The researcher will easily find many, many more quotations from
Franklin, Jefferson, Monroe, Theodore Roosevelt, Lincoln, and many
other Founding Fathers and presidents, as well as governors and other
civic leaders, all speaking of the need to wipe out the Indigenous
population of the continent.
“The
only good Indians I ever saw were dead.” – General Phil Sheridan
“Damn
any man who sympathizes with Indians. I have come to kill Indians,
and believe it is right and honorable to use any means under god’s
heaven to kill Indians! Scalps are what we are after… I long to be
wading in gore!” – Rev. John M. Chivington, co-founder of the
University of Denver and leader of the Sand Creek Massacre
"Civilization
or death to all American savages." – Major James Norris
“Discovery
gave an exclusive right to extinguish the Indian title of occupancy,
either by purchase or by conquest.” – Chief Justice John Marshall
“The
immediate objectives are the total destruction and devastation of
their settlements and the capture of as many prisoners of every age
and sex as possible. It will be essential to ruin their crops in the
ground and prevent their planting more.” – General George
Washington, orders to troops, 1779 [Those captured prisoners of every
age and sex were then sold as slaves to the West Indies.]
This erasure of the destruction of the Indigenous peoples of the Americas is a pervasive problem in this country. Witness the proponents of the virgin soil thesis of the past century, who were the modern versions of the Puritans rejoicing, after one massacre, that they hadn’t had to commit another due to disease and starvation, thanks to the mighty hand of God. The history of this country is a history of broken treaties with Indian nations, a history of massacres and forced removals that killed many thousands, a history of continuous greed for the land and other possessions of the Indigenous people and violence and wars to obtain what was so desired. The history of this country is a history of theft and slavery, a history of prisoner of war camps called reservations (that Hitler studied and used as models for his concentration camps—he admired the efficiency of the U.S. genocide of its Native population and emulated it in his own Final Solution), a history of official bounties on Indian heads, skins, and scalps. The history of this country is a history of kidnapping children and imprisoning them in boarding “schools,” rife with physical and emotional abuse—“Kill the Indian to save the man!”—a history of forced sterilization and medical experimentation without consent. If you look at it openly, it adds up to something that can hardly be called anything but ethnic cleansing and genocide.
So,
of course, as a country, we don’t look at it openly—and when
someone forces us to face it, we cry, “Not true! Get over it!

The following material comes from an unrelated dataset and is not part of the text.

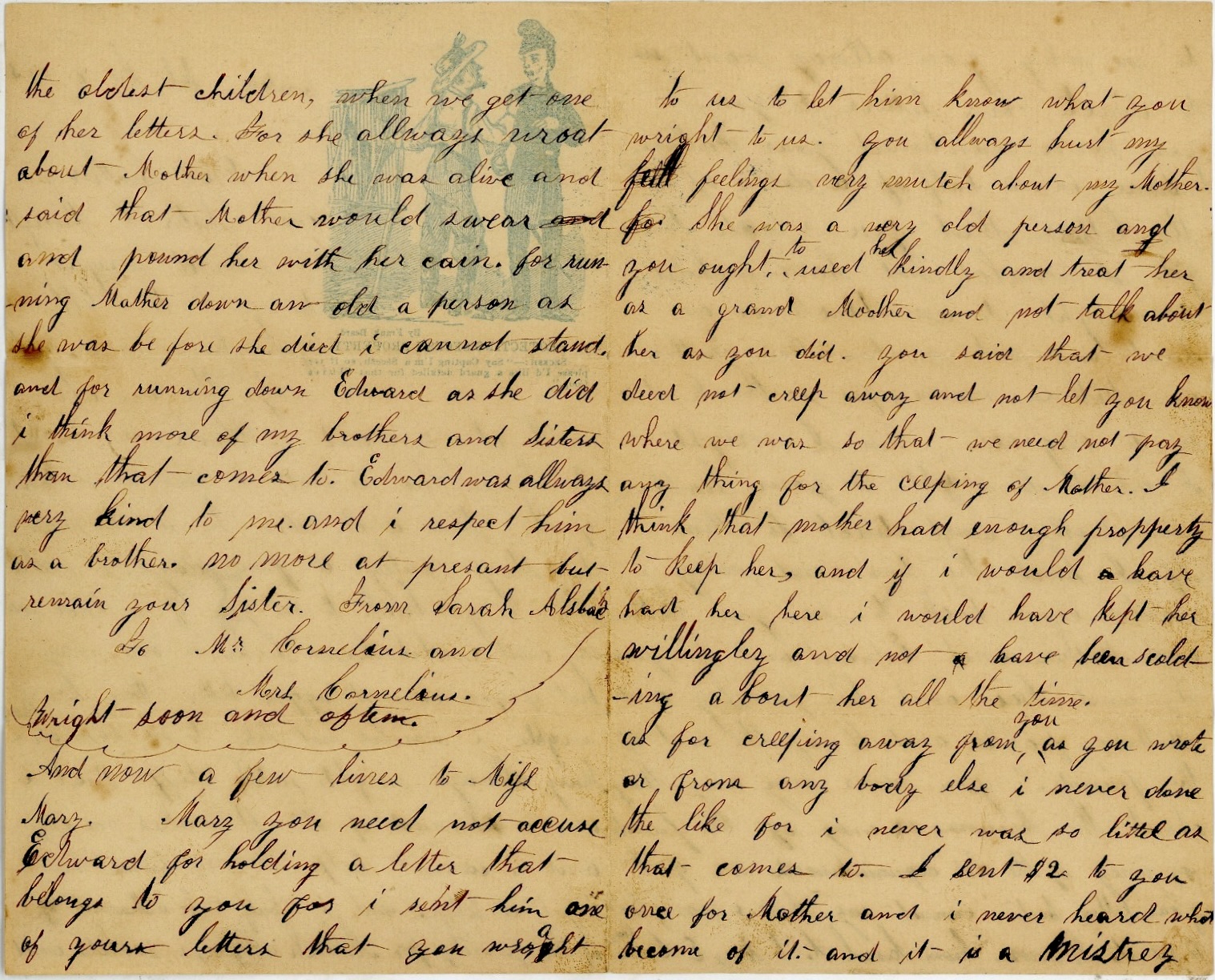 Mary you need not accuse Edward for holding a letter that belongs to you for I sent him one of your letters that you wrote to us to let him know what you write to us. You always hurt my feelings very much about my Mother. She was a very old person and you ought to used her kindly and treated her as a grandmother and not talk about her as you did. You said that we did not creep away and not let you know where we was so that you need not pay anything for the keeping of Mother. I think that Mother had enough property to keep her and if I would have had her here, I would have kept her willingly and not have been scolding about her all the time.

Victim studies! PC,” anything we can to make the awful truth go
away and be buried once again. Still, it happened, and the results of
it remain with us, especially embedded in Native communities and
lives. American popular culture is still in the grip of Manifest
Destiny and “the only good Indian is a dead Indian” with the
enshrinement of the Hollywood Western as one of our great art forms.
I would hope for better from academia, however, where the truth is
supposed to have value above belief in American exceptionalism, but I
am often disappointed.
This
situation is a perfect example of why we need ethnic studies
classes—and why they should be part of the required core of classes
and not electives that only a few students will take. Our citizens
need to know our history, to know what we’ve done as a country, to
know how we got here today, to know the truth and not the
photoshopped Hollywood version of who we really are. Without that
knowledge, we will continue to make the same mistakes, doomed to
repeat the past we choose not to know.